In the end the Council of Twelve, as it was called when the Watch convened a major meeting, was split six to six on the issue, and the deciding vote went to Admiral Yates. The order was given to seek the immediate destruction of the battlecruiser Kirov and therefore close the possibility, once and for all, that the ship would ever again return to plague the Royal Navy of the past. High ranking officials in the US government were always seated as members of the Twelve, and when Kirov was seen to sortie again in the Pacific they saw to it that orders were quickly relayed to find and sink the ship at any cost.

She sighed inwardly, realizing that if the time breach was something peculiar to the ship itself, its cause would now never be discovered. Perhaps that is for the better, she thought.
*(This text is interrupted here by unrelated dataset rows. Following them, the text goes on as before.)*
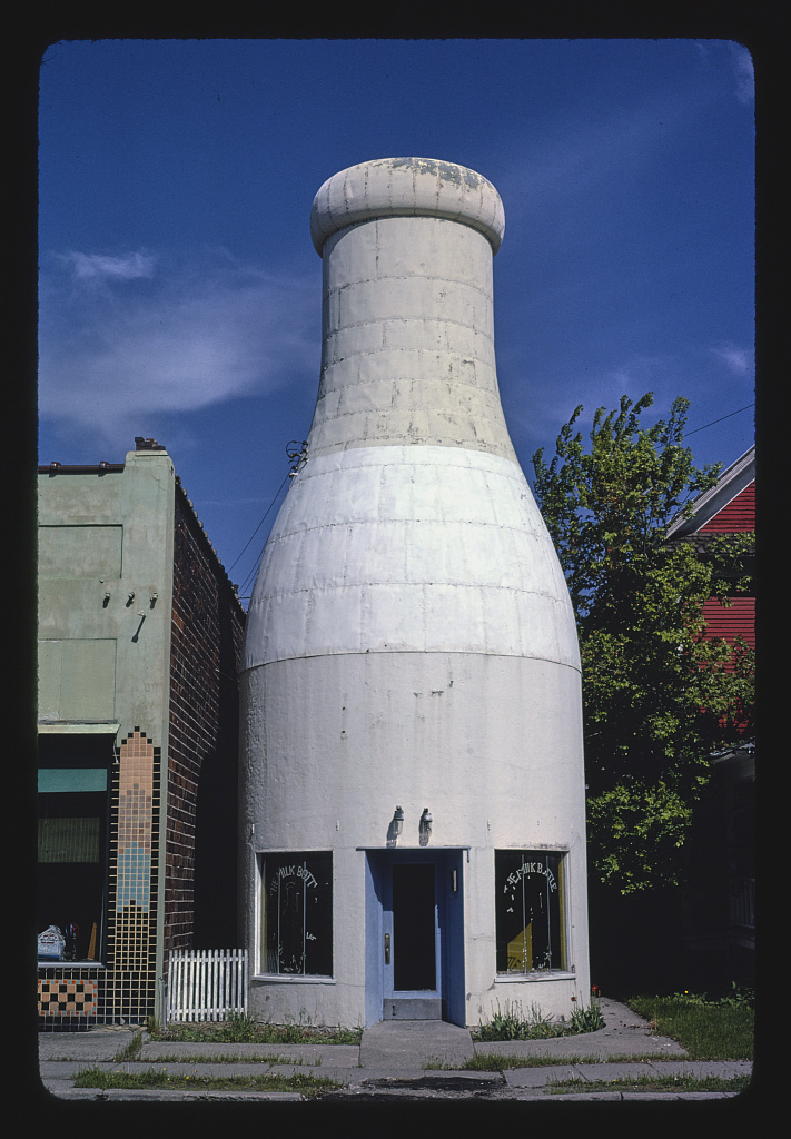 This image is available from the United States Library of Congress's Prints and Photographs division under the digital ID mrg.00649.This tag does not indicate the copyright status of the attached work. A normal copyright tag is still required. See Commons:Licensing for more information.
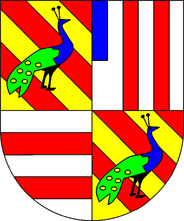 coat of arms of Wied-Runkel; 1,4: county of Wied; 2: lordship of Runkel; 3: county of Nieder-Isenburg
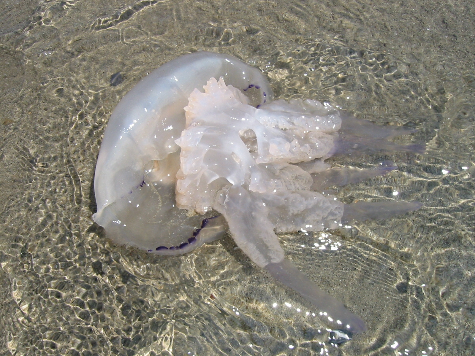 Jellyfish washed ashore at the ionian coast in Italy
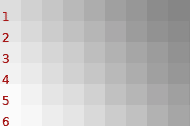 Interlaced (Full Frame) Example - for Progressive Scan article

The power to change the course of events in the here and now was a heady enough drink for any man to stomach, or any woman. The power to change the course of history by altering past events was too great to even fathom. Yet she wondered, even now, what the men aboard that ship ever truly learned about what had happened to them.
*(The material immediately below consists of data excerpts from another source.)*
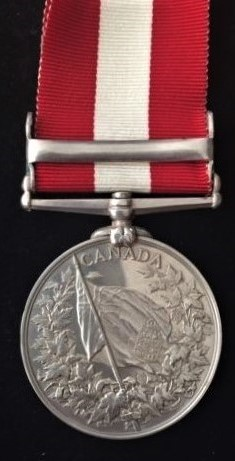 Canada General Service Medal, 1866-70 reverse side
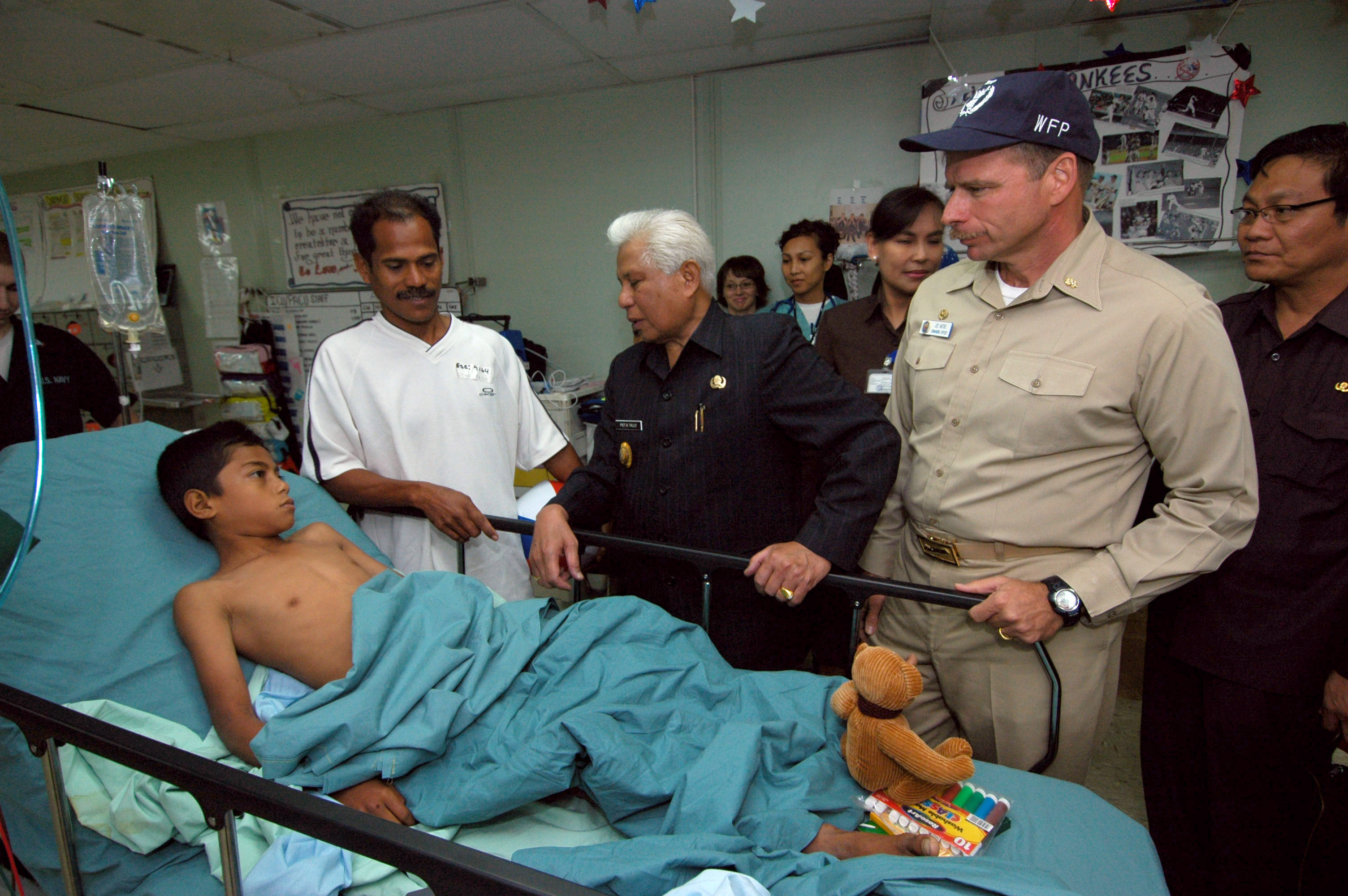 Kupang, Indonesia (Aug. 25, 2006) - U.S. Navy Capt. Joseph Moore, commanding officer of the Medical Treatment Facility aboard the Military giving a tour to the Honorable Piet Tallo, the governor of East Nusa Tenggara. Mercy is in the fourth month of her five-month humanitarian and civic assistance deployment to South and Southeast Asia where her crew has already treated thousands of people. U.S. Navy photo by Mass Communication Specialist Seaman Mike Leporati (RELEASED)
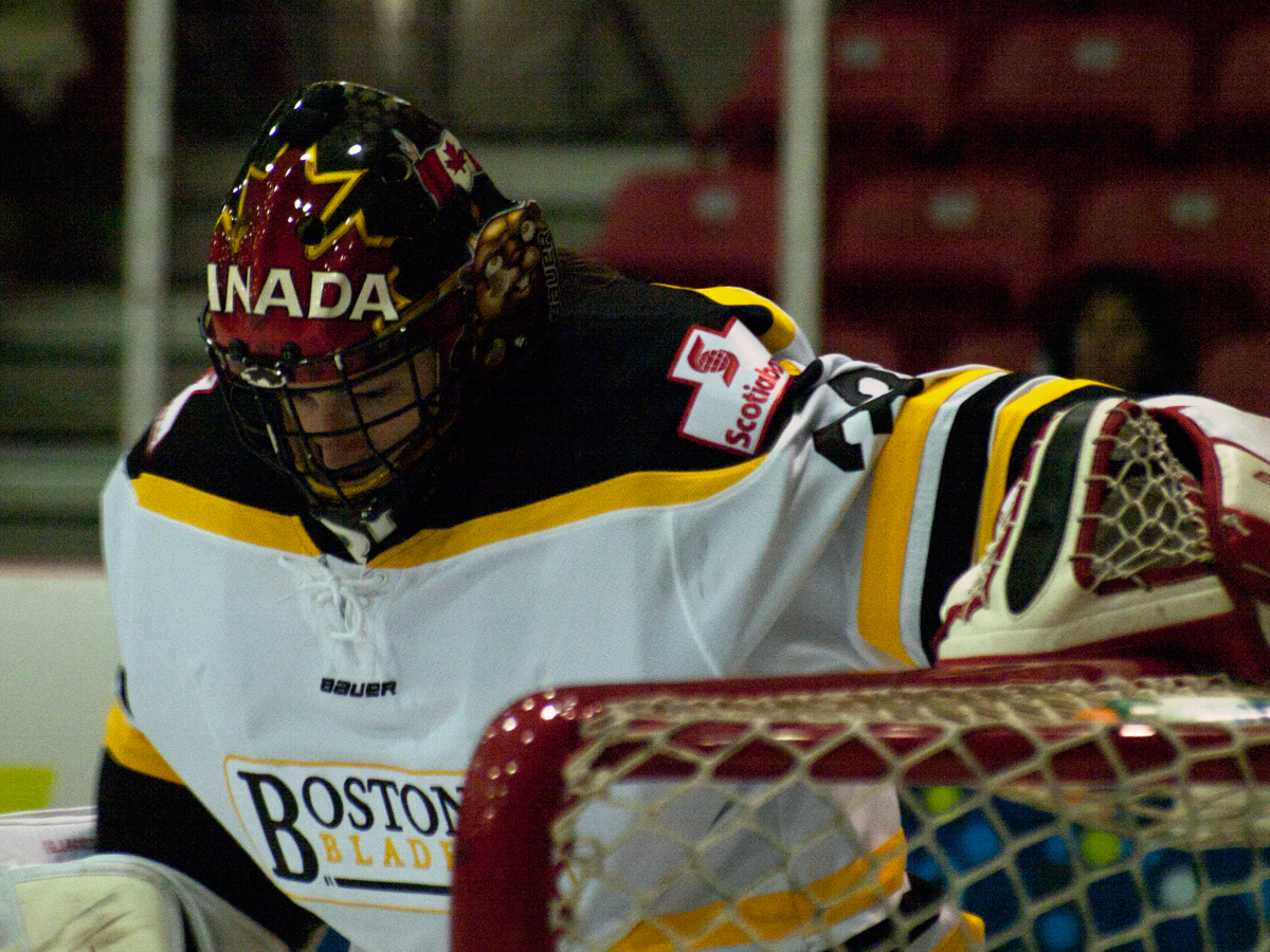 Boston Blades goalie Geneviève Lacasse asse takes a moment before the game starts.

Then the intelligence line rang again and her reverie broke. She came back to the moment, seeing Captain MacRae still standing there, hat in hand, looking at her strangely as though he could discern the inner turmoil of her thoughts. She smiled wanly, attempting to give him a thin reassurance that she was still in the fight, then reached for the line.

“Fairchild….Yes…. I see. Very well. Yes, I think we’d better have a look, but be discrete. Report as soon as you know more.”

“More bad news?” asked MacRae.

She cocked her head to one side, considering. “Well here’s a strange bird,” she said. “That was Mack Morgan. I guess I ruffled his feathers over that lapse with Salase, and now he’s ferreting out anything he can find. Well, it may be nothing, but he seems to have gotten wind of an operation underway in the Caspian—a Russian operation. It appears that some unusual assets are deploying to the Makhachkala area, and it involves a ship called the Anatoly Alexandrov.”

She was typing something at her computer terminal. “That’s odd. I just looked it up on the register and it’s a floating nuclear reactor; not a warship—presently anchored ten kilometers off the Caspian coast and listed as inactive. It seems Intel picked up a lot of activity at the Russian naval base at Kaspiysk, and that ship seems to be the focal point. We have helos out there. Think we might be able to sneak a peek with some long range cameras?”